§ Work required
The answer is to be the lines below that lie between the line holding "Included in the" and the line holding "หลวงปู่หลิว เหรียญเต่า รุ่นสิวลี", inclusive, transcribed exactly and free of pictures.

§ Materials provided

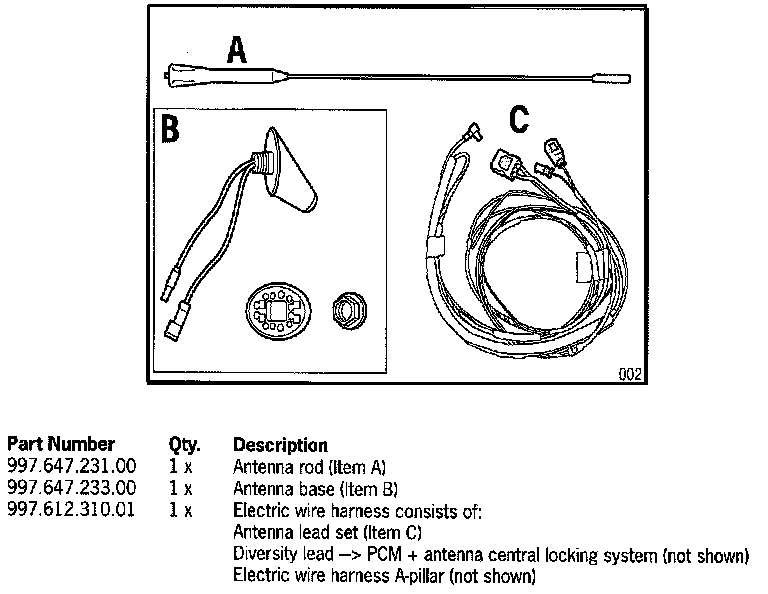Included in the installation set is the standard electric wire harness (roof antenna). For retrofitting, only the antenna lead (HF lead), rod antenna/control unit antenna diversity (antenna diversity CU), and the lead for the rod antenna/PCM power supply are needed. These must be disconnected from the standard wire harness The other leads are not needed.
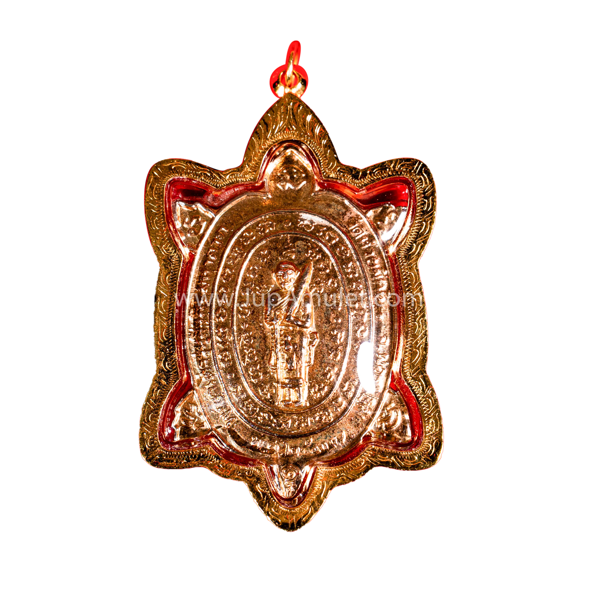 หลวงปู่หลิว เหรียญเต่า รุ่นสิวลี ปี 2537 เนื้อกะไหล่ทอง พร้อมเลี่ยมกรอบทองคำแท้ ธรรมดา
...
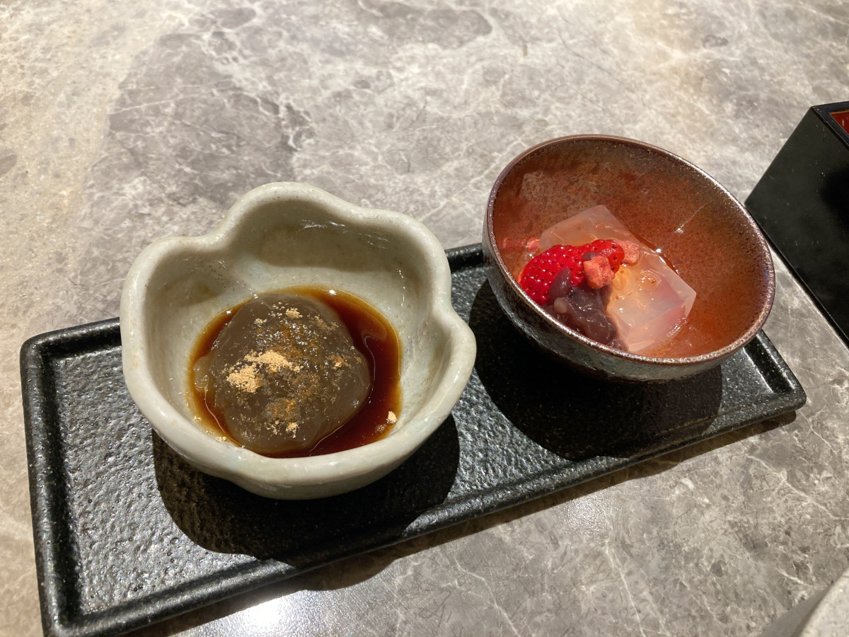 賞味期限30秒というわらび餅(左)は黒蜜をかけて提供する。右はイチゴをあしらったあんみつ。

§ The answer
Included in the installation set is the standard electric wire harness (roof antenna). For retrofitting, only the antenna lead (HF lead), rod antenna/control unit antenna diversity (antenna diversity CU), and the lead for the rod antenna/PCM power supply are needed. These must be disconnected from the standard wire harness The other leads are not needed.
 หลวงปู่หลิว เหรียญเต่า รุ่นสิวลี ปี 2537 เนื้อกะไหล่ทอง พร้อมเลี่ยมกรอบทองคำแท้ ธรรมดา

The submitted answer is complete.